───── Provided entries
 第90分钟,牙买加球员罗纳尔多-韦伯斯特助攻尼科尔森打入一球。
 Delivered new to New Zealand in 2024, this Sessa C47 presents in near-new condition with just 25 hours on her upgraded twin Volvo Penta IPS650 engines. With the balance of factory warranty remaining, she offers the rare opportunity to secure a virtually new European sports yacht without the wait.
──────────
───── Provided entries
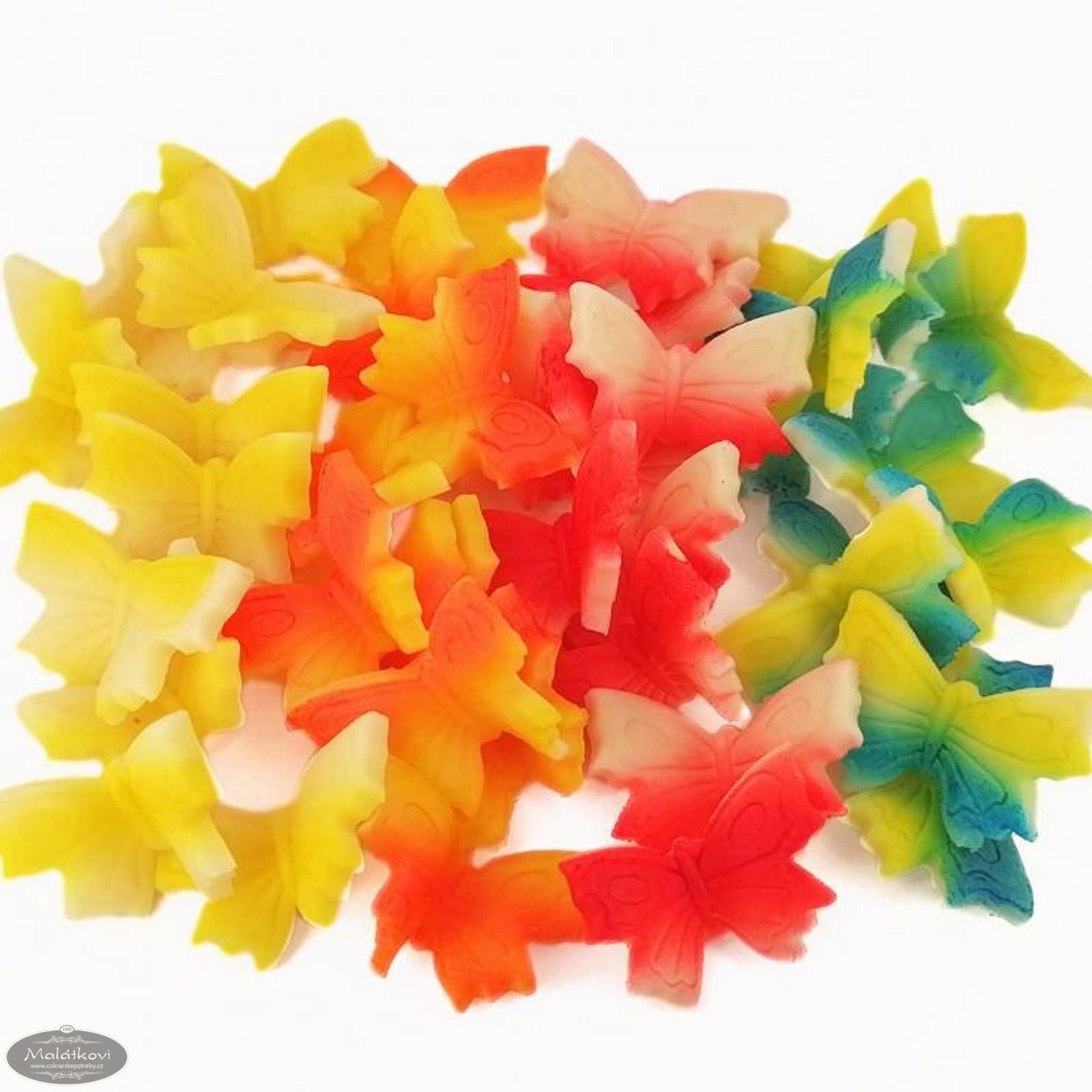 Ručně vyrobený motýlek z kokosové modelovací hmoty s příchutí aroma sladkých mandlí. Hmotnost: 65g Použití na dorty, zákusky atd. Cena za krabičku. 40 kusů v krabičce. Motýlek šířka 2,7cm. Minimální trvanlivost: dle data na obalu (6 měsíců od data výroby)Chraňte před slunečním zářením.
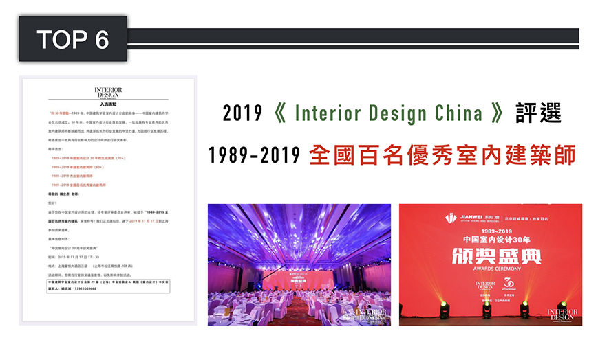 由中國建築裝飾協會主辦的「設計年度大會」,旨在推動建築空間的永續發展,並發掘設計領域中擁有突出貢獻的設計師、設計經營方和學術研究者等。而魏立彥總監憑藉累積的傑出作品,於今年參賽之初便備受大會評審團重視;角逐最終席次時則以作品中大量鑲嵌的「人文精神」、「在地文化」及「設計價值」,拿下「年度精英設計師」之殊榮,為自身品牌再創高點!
──────────
───── Provided entries
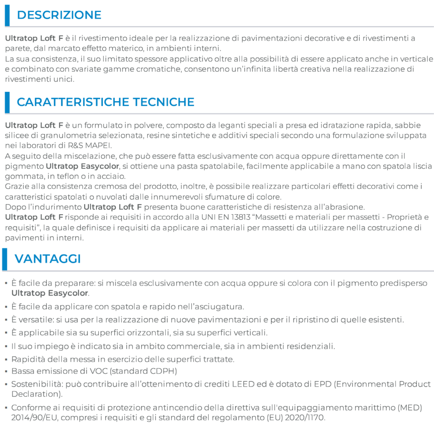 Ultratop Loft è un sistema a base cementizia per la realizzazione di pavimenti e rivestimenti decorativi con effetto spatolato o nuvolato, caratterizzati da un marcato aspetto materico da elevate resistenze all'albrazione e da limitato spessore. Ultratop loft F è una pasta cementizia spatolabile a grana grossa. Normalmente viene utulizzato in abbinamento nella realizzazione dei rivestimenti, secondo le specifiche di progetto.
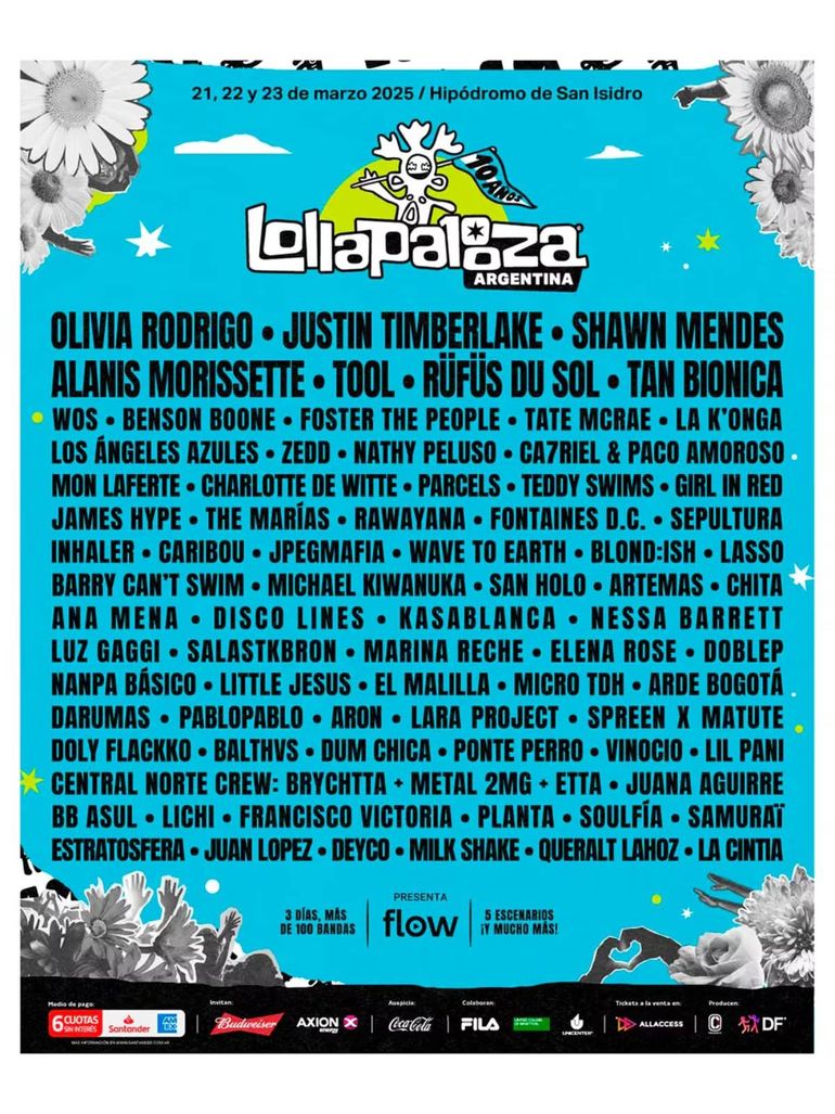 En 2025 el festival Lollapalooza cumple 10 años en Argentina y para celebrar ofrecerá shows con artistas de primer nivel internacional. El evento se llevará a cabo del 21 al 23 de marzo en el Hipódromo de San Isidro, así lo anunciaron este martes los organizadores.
──────────
Copy out only the lines of the records above from the one with "第90分钟,牙买加球员罗纳尔多-韦伯斯特助攻尼科尔森打入一球。" through the one with "Delivered new to", exactly as they stand, both included.

» Answer below:
 第90分钟,牙买加球员罗纳尔多-韦伯斯特助攻尼科尔森打入一球。
 Delivered new to New Zealand in 2024, this Sessa C47 presents in near-new condition with just 25 hours on her upgraded twin Volvo Penta IPS650 engines. With the balance of factory warranty remaining, she offers the rare opportunity to secure a virtually new European sports yacht without the wait.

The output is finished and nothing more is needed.